▸ Directions for this task: An exact copy of every entry is needed, without any of the pictures.

▸ Given data:
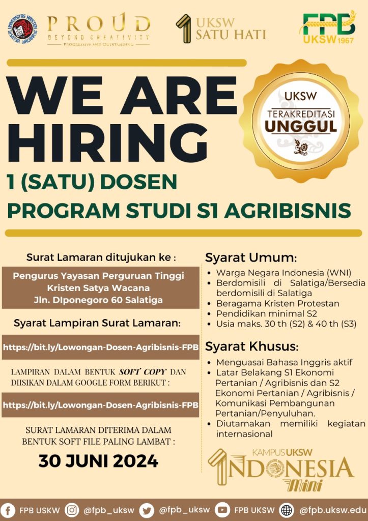 Yayasan Perguruan Tinggi Kristen Satya Wacana (YPTKSW) membuka lowongan bagi dosen Program Studi S1 Agribisnis Fakultas Pertanian dan Bisnis (FPB).
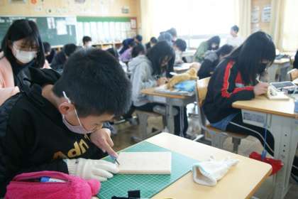 2月2日(金)6、今日の6年生 公開日 2024/02/02 更新日 2024/02/02 お知らせ 2月2日(金)6、今日の6年生の活動の様子です。 写真上…6年1組、図工「卒業制作」の学習です。 「オルゴールボックス」のふたの部分に装飾を施します。 指導者は教頭先生ですが…あれれっ? 一番後ろの席で黙々と内職しているのは、誰かな? 写真下…6年2組、体育「ボール運動」の学習です。 仲間とタグラグビーを愉しんでいます。 卒業までの登校日数は、あと30日となりました。 6年生 5678組 校長
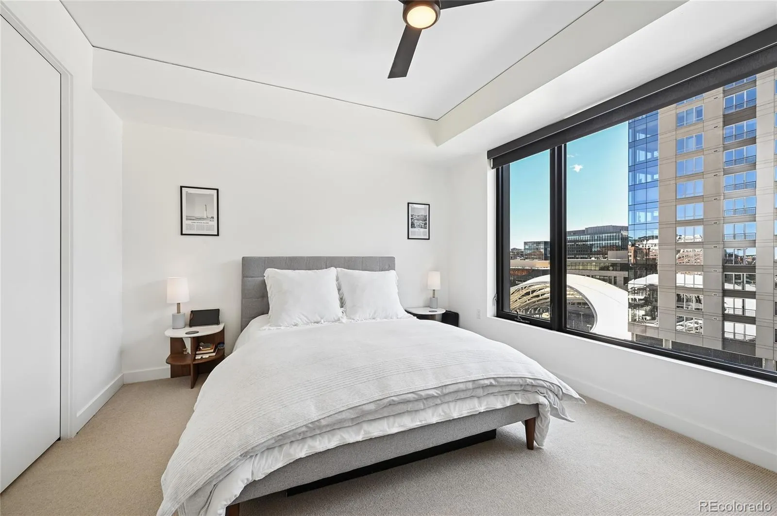 The primary suite includes a walk-in closet and a luxurious ensuite bath with double vanity and glass-enclosed shower. A well-sized second bedroom and full bath provide flexibility for guests, home office, or den. Additional features include in-unit laundry, smart thermostat, and two deeded garage parking spaces — a rare find in downtown Denver.
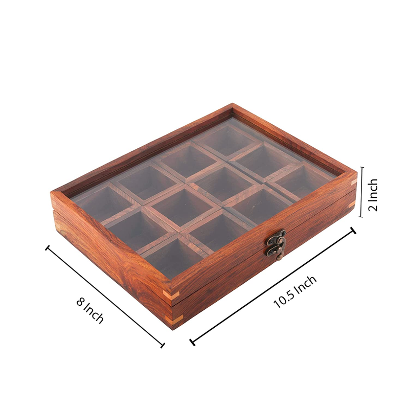 Ortus Arts® Sheesham Wood 12 Containers Spice Box with Spoon – Wooden Masala Box Set for Kitchen Masala Daani Namak Dani Dabba Multipurpose Decorative Boxes – wooden Spice Holder”Made In India”
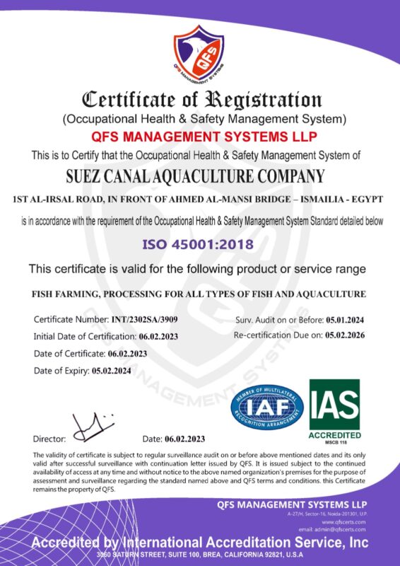 وأشاد الفريق ربيع بحصول شركة قناة السويس للاستزراع المائي، على أعلى الشهادات المعتمدة دولياً في إطار الامتثال إلى معايير السلامة الغذائية والبيئية، وتأتي هذه الخطوة تنفيذاً لتوجيهات السيد الرئيس عبد الفتاح السيسي رئيس الجهمورية بتعظيم الاستفادة من أحواض الاستزراع بالشركة على النحو الأمثل بما يحقق زيادة معدلات استزراع الأسماك بجودة عالية وبأسعار مناسبة تلبي احتياجات السوق المحلي.
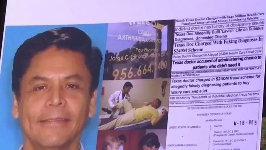 Las autoridades afirman que el reumatólogo Jorge Zamora-Quezada, de 68 años y residente de Mission, Texas, estuvo involucrado en reclamos falsos por valor de $118 millones y pagos de seguros por más de $28 millones.
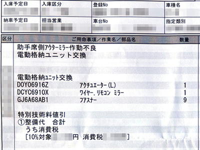 この前、ディーラーで不具合の確認をしてもらい、部品が揃う日に修理の予約を。修理時間は約1時間!?

▸ Exercise response:
 Yayasan Perguruan Tinggi Kristen Satya Wacana (YPTKSW) membuka lowongan bagi dosen Program Studi S1 Agribisnis Fakultas Pertanian dan Bisnis (FPB).
 2月2日(金)6、今日の6年生 公開日 2024/02/02 更新日 2024/02/02 お知らせ 2月2日(金)6、今日の6年生の活動の様子です。 写真上…6年1組、図工「卒業制作」の学習です。 「オルゴールボックス」のふたの部分に装飾を施します。 指導者は教頭先生ですが…あれれっ? 一番後ろの席で黙々と内職しているのは、誰かな? 写真下…6年2組、体育「ボール運動」の学習です。 仲間とタグラグビーを愉しんでいます。 卒業までの登校日数は、あと30日となりました。 6年生 5678組 校長
 The primary suite includes a walk-in closet and a luxurious ensuite bath with double vanity and glass-enclosed shower. A well-sized second bedroom and full bath provide flexibility for guests, home office, or den. Additional features include in-unit laundry, smart thermostat, and two deeded garage parking spaces — a rare find in downtown Denver.
 Ortus Arts® Sheesham Wood 12 Containers Spice Box with Spoon – Wooden Masala Box Set for Kitchen Masala Daani Namak Dani Dabba Multipurpose Decorative Boxes – wooden Spice Holder”Made In India”
 وأشاد الفريق ربيع بحصول شركة قناة السويس للاستزراع المائي، على أعلى الشهادات المعتمدة دولياً في إطار الامتثال إلى معايير السلامة الغذائية والبيئية، وتأتي هذه الخطوة تنفيذاً لتوجيهات السيد الرئيس عبد الفتاح السيسي رئيس الجهمورية بتعظيم الاستفادة من أحواض الاستزراع بالشركة على النحو الأمثل بما يحقق زيادة معدلات استزراع الأسماك بجودة عالية وبأسعار مناسبة تلبي احتياجات السوق المحلي.
 Las autoridades afirman que el reumatólogo Jorge Zamora-Quezada, de 68 años y residente de Mission, Texas, estuvo involucrado en reclamos falsos por valor de $118 millones y pagos de seguros por más de $28 millones.
 この前、ディーラーで不具合の確認をしてもらい、部品が揃う日に修理の予約を。修理時間は約1時間!?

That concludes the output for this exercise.